**WHAT THE TASK REQUIRES**:
From the line that contains "Expertly monitor your" through the end of the records below, write out each line exactly as it appears, but not the pictures.

[Dataset records]
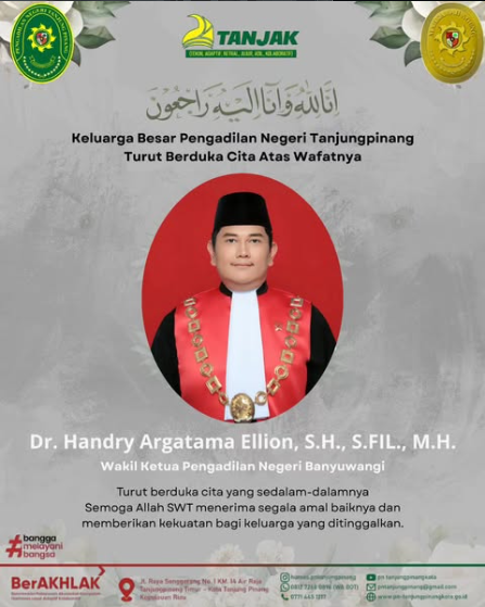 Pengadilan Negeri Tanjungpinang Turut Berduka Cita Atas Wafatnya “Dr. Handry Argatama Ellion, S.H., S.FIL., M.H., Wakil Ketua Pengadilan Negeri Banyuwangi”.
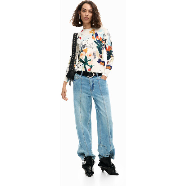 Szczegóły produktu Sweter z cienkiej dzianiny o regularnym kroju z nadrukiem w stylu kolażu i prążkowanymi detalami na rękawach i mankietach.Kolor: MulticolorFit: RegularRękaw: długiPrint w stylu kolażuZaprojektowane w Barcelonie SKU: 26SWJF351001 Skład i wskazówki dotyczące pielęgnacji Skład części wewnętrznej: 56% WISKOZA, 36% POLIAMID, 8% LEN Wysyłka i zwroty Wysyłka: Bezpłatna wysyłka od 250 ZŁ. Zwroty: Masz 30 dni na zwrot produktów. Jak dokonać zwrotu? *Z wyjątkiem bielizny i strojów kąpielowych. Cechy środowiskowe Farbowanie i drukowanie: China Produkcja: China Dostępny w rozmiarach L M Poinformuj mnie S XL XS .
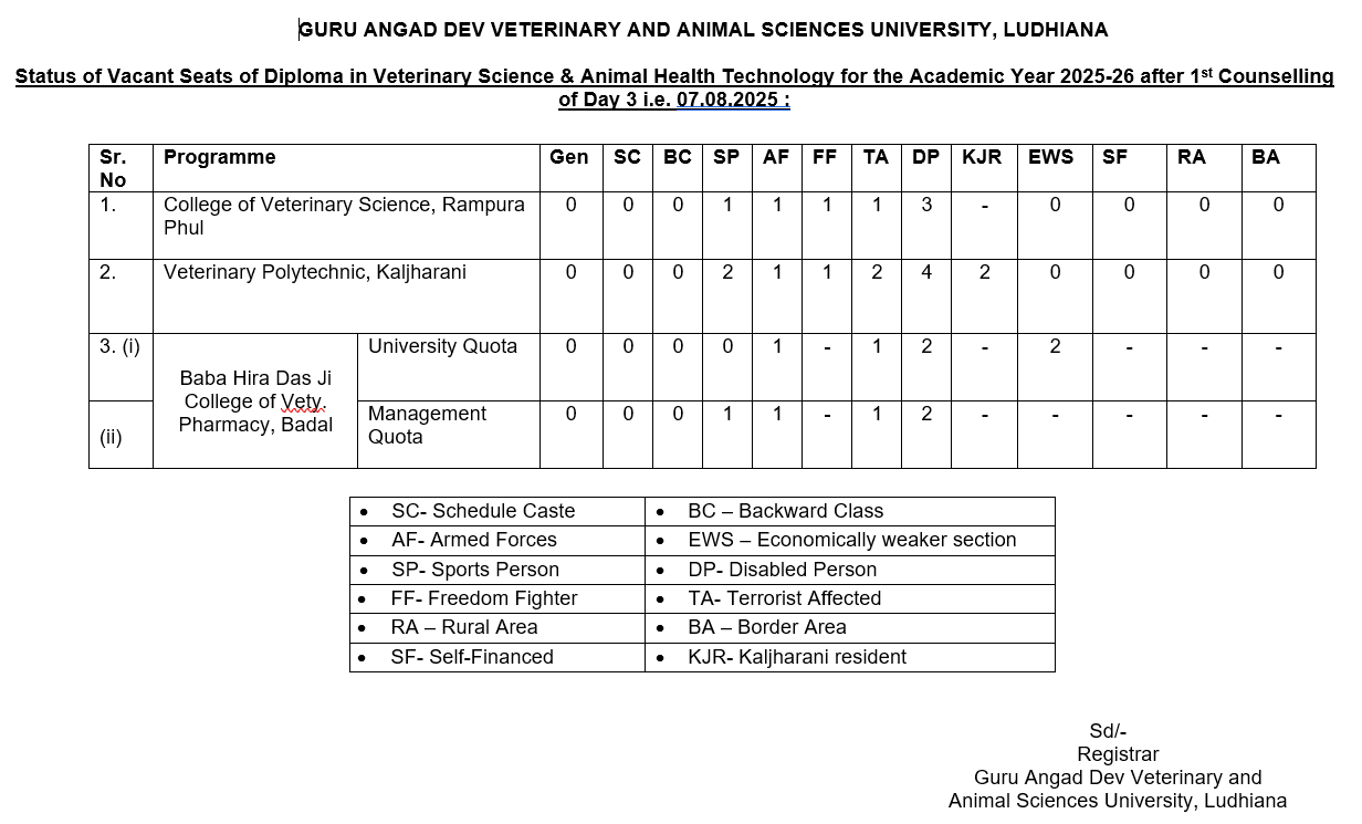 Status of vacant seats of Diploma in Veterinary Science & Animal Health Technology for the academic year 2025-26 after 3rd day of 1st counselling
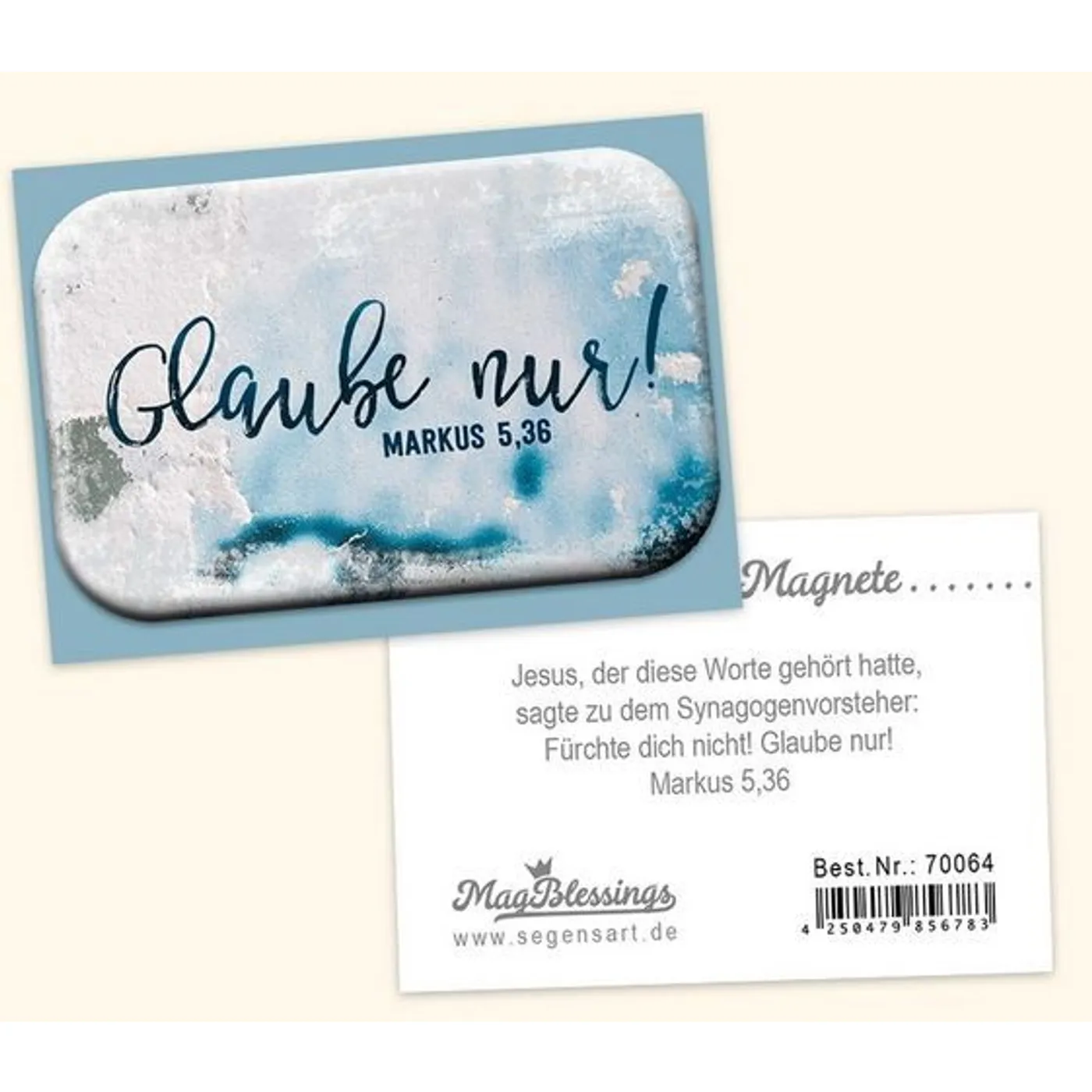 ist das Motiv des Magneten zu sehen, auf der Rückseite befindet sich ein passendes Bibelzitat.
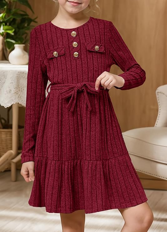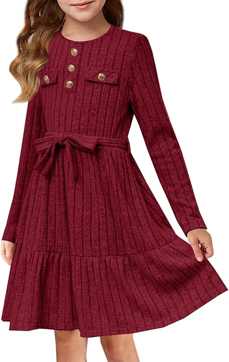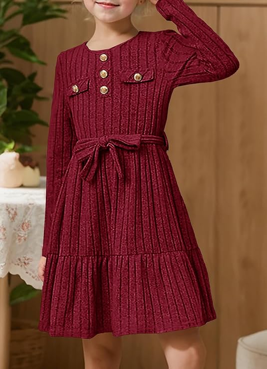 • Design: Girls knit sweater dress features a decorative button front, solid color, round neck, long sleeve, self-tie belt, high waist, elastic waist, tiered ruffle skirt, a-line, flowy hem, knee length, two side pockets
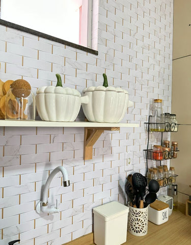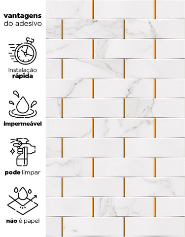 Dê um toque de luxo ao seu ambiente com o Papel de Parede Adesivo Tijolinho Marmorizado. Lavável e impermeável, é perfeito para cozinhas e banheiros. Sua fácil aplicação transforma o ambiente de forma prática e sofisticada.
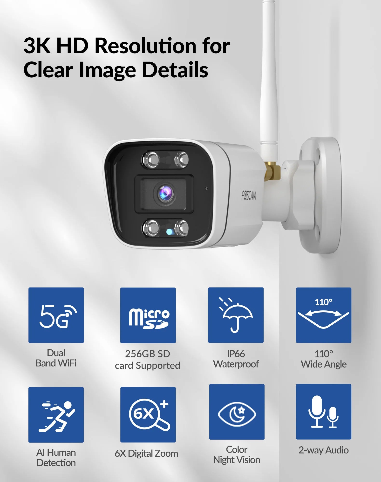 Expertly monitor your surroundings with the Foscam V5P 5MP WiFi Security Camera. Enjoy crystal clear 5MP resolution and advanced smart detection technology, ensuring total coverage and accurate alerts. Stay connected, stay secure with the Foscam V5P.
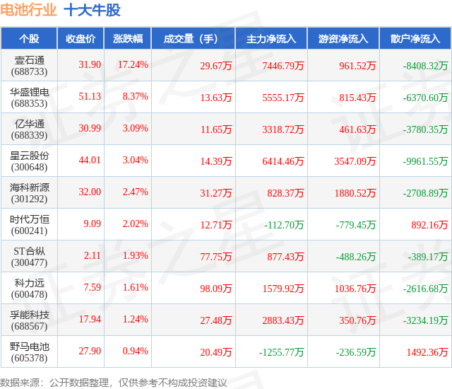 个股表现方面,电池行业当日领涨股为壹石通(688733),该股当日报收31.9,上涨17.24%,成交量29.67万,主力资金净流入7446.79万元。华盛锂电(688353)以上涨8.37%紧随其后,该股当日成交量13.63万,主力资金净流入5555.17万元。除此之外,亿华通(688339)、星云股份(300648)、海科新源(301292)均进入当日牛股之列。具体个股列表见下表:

**THE ANSWER**:
 Expertly monitor your surroundings with the Foscam V5P 5MP WiFi Security Camera. Enjoy crystal clear 5MP resolution and advanced smart detection technology, ensuring total coverage and accurate alerts. Stay connected, stay secure with the Foscam V5P.
 个股表现方面,电池行业当日领涨股为壹石通(688733),该股当日报收31.9,上涨17.24%,成交量29.67万,主力资金净流入7446.79万元。华盛锂电(688353)以上涨8.37%紧随其后,该股当日成交量13.63万,主力资金净流入5555.17万元。除此之外,亿华通(688339)、星云股份(300648)、海科新源(301292)均进入当日牛股之列。具体个股列表见下表:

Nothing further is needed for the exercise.